## What happened

Amazon Threat Intelligence reported an active **Interlock ransomware** campaign exploiting **CVE-2026-20131** in **Cisco Secure Firewall Management Center (FMC)**.

The flaw is described as an **insecure deserialization** issue that can allow an unauthenticated attacker to bypass authentication and run arbitrary Java code **as root** (CVSS 10.0).

Amazon’s sensor network indicates exploitation began as a **zero-day on Jan 26, 2026**, weeks before Cisco publicly disclosed it.

## How the intrusion worked (as described)

The attack chain included:

1. Crafted HTTP requests to a specific FMC path to trigger code execution

2. A “success” callback (HTTP PUT) to attacker infrastructure

3. Retrieval of additional payloads/tools, including Linux and Windows recon scripts and remote-access tooling

Amazon says it gained visibility after an operational mistake exposed attacker tooling via misconfigured infrastructure.

## Tooling and techniques observed

Reported components included:

- Windows environment enumeration (services, installed software, storage, VM inventory, browser artifacts, RDP events)

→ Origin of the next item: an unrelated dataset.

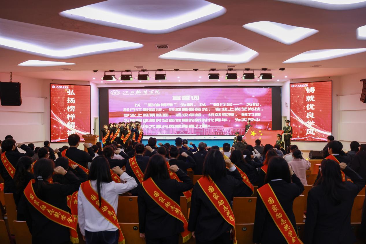 “以‘勤信博雅’为帆,以‘知行合一’为舵,践行江服精神,铸就青春荣光;专业上尚艺尚技,学业上唯精唯勤,追求卓越,织就辉煌,努力成为德智体美劳全面发展的新时代青年,为实现中华民族伟大复兴贡献青春力量!”在国家奖学金获奖代表的领誓下,全体学生庄严宣誓,铿锵誓言彰显了江服学子奋发向上的坚定决心。大会在全场齐唱校歌《书写华章 织就辉煌》的激昂旋律中圆满落幕。
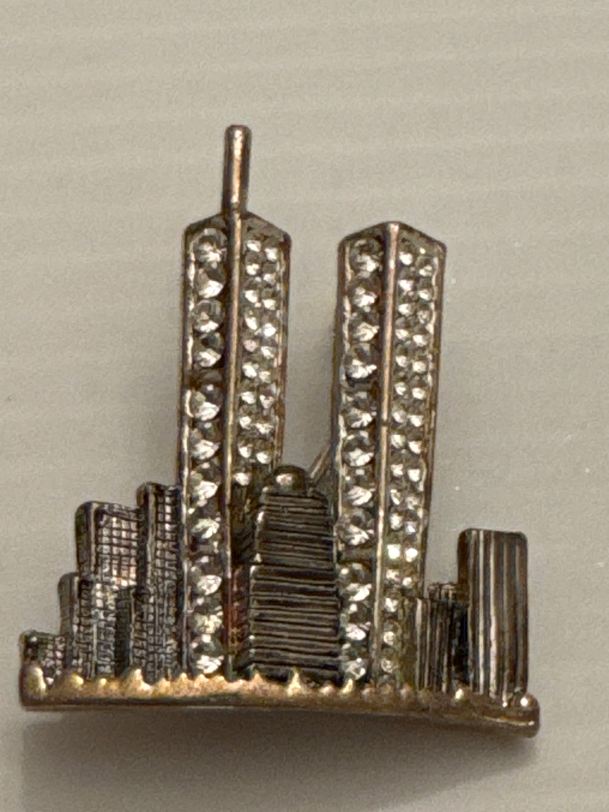 Vintage twin tower Silvertone with rhinestone brooch. entire proceeds of sale donated to Tunnels to Tower charity.

- Custom remote access trojans with file transfer and SOCKS5 proxying

- Infrastructure laundering scripts (reverse proxies) and aggressive log deletion

- Memory-resident web shell behavior using encrypted parameters

- Use of legitimate remote access software as fallback persistence

## What defenders should do

- **Patch/upgrade Cisco FMC immediately** to a fixed release

- Perform compromise assessments on FMC and adjacent management networks

- Review remote access tooling deployments (e.g., ScreenConnect) for unauthorized installs

- Strengthen **defense-in-depth** controls to reduce exposure during the “zero-day window”

## Bottom line

This incident underscores a hard truth for enterprise security: even perfect patch hygiene can’t eliminate risk when attackers have a head start. Layered controls, segmentation, and monitoring around management planes (like firewall controllers) are crucial.